-------- Records to process --------

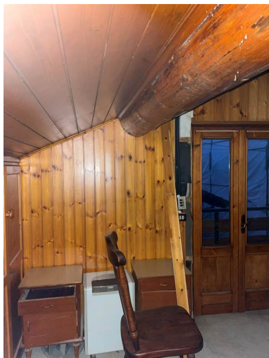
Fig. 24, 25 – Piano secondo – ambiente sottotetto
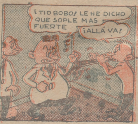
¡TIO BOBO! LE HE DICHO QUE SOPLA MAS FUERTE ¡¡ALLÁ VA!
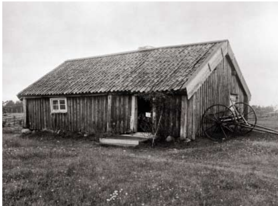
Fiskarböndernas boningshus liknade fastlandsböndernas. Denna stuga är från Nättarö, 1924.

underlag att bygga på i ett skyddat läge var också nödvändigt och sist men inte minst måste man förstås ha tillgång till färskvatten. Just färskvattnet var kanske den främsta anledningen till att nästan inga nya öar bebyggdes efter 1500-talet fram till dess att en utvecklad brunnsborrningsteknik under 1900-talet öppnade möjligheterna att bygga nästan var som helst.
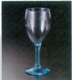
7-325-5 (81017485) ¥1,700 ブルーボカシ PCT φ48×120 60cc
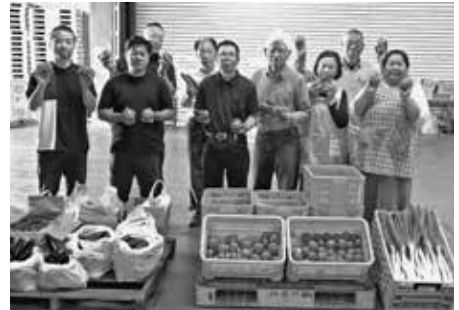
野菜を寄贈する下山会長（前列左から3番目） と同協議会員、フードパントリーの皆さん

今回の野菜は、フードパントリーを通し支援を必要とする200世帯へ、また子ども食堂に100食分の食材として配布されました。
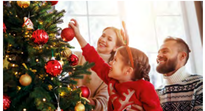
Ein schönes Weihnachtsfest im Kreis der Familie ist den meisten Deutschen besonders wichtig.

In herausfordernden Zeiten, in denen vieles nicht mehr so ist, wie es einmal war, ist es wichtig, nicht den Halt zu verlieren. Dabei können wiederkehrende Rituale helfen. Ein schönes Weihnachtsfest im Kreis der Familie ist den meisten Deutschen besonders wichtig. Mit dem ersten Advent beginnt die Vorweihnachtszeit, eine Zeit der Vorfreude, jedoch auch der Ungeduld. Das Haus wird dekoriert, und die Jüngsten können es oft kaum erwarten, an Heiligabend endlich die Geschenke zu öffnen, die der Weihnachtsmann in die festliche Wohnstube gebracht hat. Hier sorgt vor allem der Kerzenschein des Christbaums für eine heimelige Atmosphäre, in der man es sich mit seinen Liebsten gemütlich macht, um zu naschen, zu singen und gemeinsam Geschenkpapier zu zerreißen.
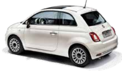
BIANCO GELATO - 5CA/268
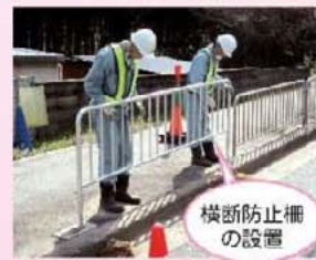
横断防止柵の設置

--------
-------- Records to process --------

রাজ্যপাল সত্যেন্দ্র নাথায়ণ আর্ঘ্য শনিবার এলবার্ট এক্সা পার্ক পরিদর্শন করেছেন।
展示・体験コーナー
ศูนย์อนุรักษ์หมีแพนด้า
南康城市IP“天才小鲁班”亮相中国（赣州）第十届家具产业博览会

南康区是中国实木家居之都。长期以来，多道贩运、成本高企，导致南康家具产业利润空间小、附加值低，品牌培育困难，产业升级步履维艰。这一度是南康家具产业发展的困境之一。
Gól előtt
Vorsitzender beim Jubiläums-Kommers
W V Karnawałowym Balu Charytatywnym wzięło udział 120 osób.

--------

Work instruction >> In the entries above, find the line holding "南康区是中国实木家居之都。长" and the line holding "W V Karnawałowym", then retype exactly those two lines and every line between them, and nothing else.

Response to the exercise >>
南康区是中国实木家居之都。长期以来，多道贩运、成本高企，导致南康家具产业利润空间小、附加值低，品牌培育困难，产业升级步履维艰。这一度是南康家具产业发展的困境之一。
Gól előtt
Vorsitzender beim Jubiläums-Kommers
W V Karnawałowym Balu Charytatywnym wzięło udział 120 osób.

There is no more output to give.